Fatto sta che il Gip è sicuro: “dai primi accertamenti medico legali acquisiti, il decesso è causalmente collegato all’infortunio subito, nonché alla successiva omissione posta in essere dall’indagato”. È la stessa medico legale, nominata dalla Procura, Maria Cristina Setacci, a ribadire che “l’amputazione estremamente evidente…rendeva indispensabile nella immediatezza dell’evento traumatico un trasporto immediato-urgente-indifferibile al Pronto Soccorso”. Non solo perché “il soccorso immediato non soltanto consente di tentare una ricostruzione dell’arto ma soprattutto di salvare la vita al soggetto che ha riportato l’amputazione”. Infine, la chiosa finale e decisiva: “Un accesso immediato in un pronto soccorso – scrive il medico legale Setacci – e un trattamento in urgenza della gravissima lesione dell’arto superiore destro avrebbero consentito con i criteri probabilistici necessari di salvare la vita di Singh Satnam“.

Ecco perché, secondo il Gip, “la condotta omissiva dell’indagato acquisisce unica rilevanza causale nel decesso della persona offesa”. Insomma, Satnam Singh poteva essere salvato e Lovato avrebbe messo in conto il probabile decesso, accettando il rischio. Il 38enne, oggi arrestato, non solo fugge via con il furgone ma, per l’accusa, pulisce il sangue all’interno del mezzo, successivamente sequestrato dai Carabinieri.

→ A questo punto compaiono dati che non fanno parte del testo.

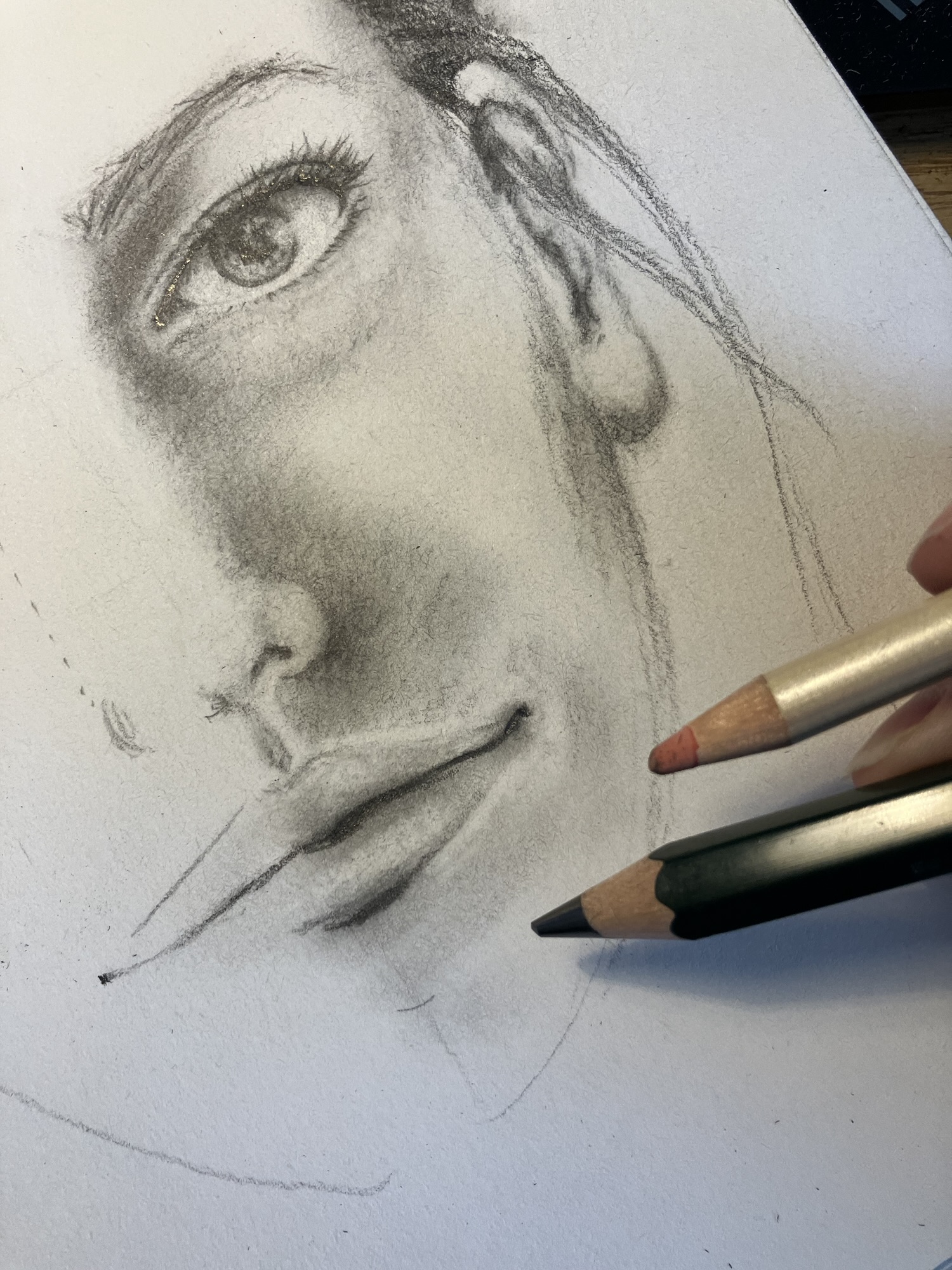 Gebruik een gum om lichte highlights te creëren en donkere potloden voor de diepste schaduwen.
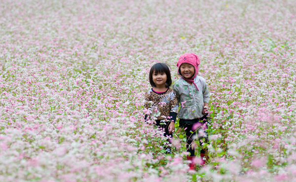 Mùa thu tháng 10 kéo dài đến tháng 12, tiết trời se lạnh, những vệt nắng vàng vấn vương trên mọi ngả đường là khi những cánh đồng hoa tam giác mạch nở rộ. Hoa phủ trên sườn đồi, hoa đan thành thảm trên những cánh đồng, hoa nở cạnh những cung đường uốn lượn, hay quanh những ngôi nhà tường trình xen lẫn những ụ rơm vàng... và hoa nở cùng nụ cười hồn nhiên của những đứa trẻ vùng cao đang đùa nghịch.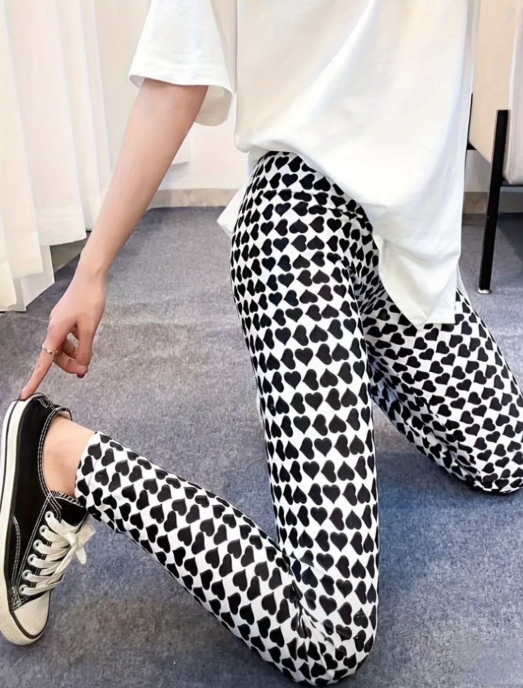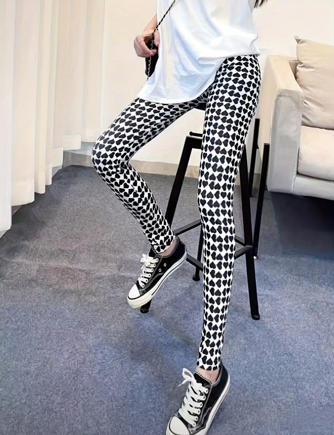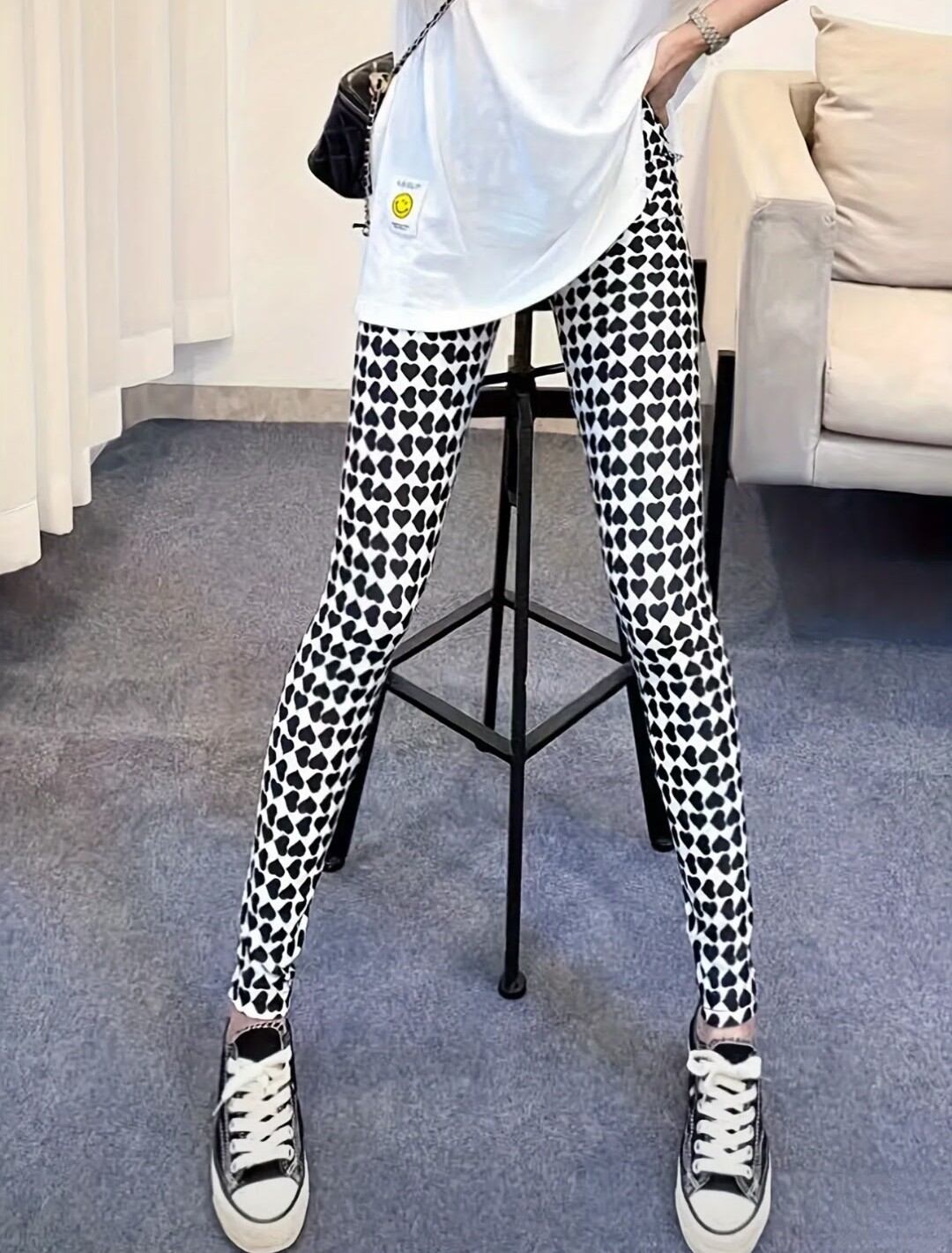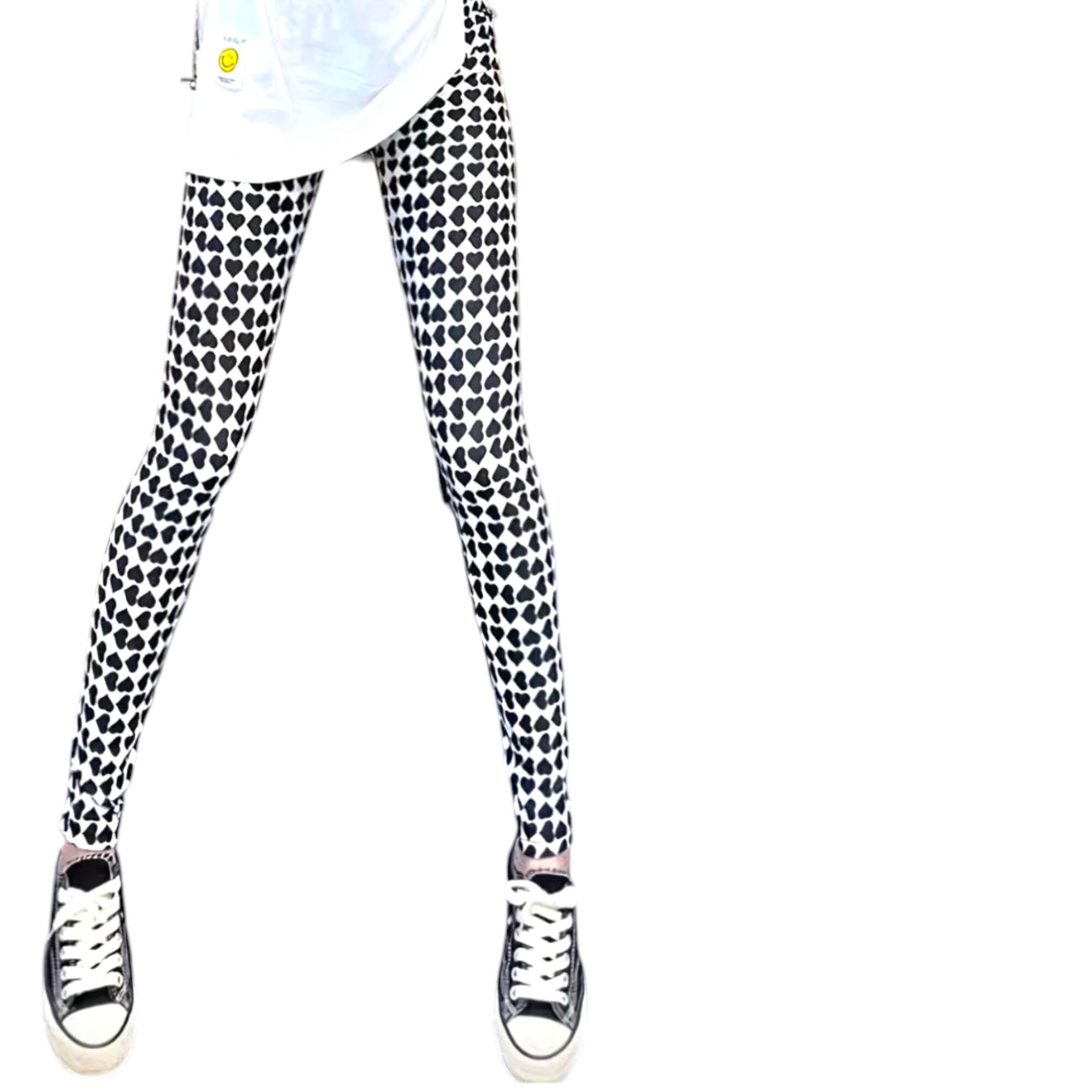 大きいサイズ レディース レギンス スパッツ カジュアル ヒップホップ ストリート ぽっちゃり 白黒 ハート 柄パンツ スキニー ソフト

Voleva celare quanto accaduto, di questo sono convinti la Procura di Latina e il Gip del Tribunale perché Lovato sapeva che Singh si trovava in Italia da irregolare e che lavorava in azienda a Borgo Santa Maria fuori da ogni regola di sicurezza. La condotta di Lovato viene quindi considerata dolosa e “omicidiaria” e definita “disumana e lesiva dei più basilari valori di solidarietà”. Inoltre, Lovato ha parlato di condizione di choc, tentando di giustificare i motivi per cui ha ripulito il furgone dal sangue di Singh. Invece, per il Gip di Latina, “il comportamento è apparso lucido e teso a dissimulare quanto accaduto, a tutti i costi”. Peraltro, il 38enne, secondo la testimonianza di un altro bracciante, intimava agli altri lavoratori di stare in silenzio su quanto verificatosi: “Faceva il gesto del dito davanti la bocca, come per dirci di stare zitti“.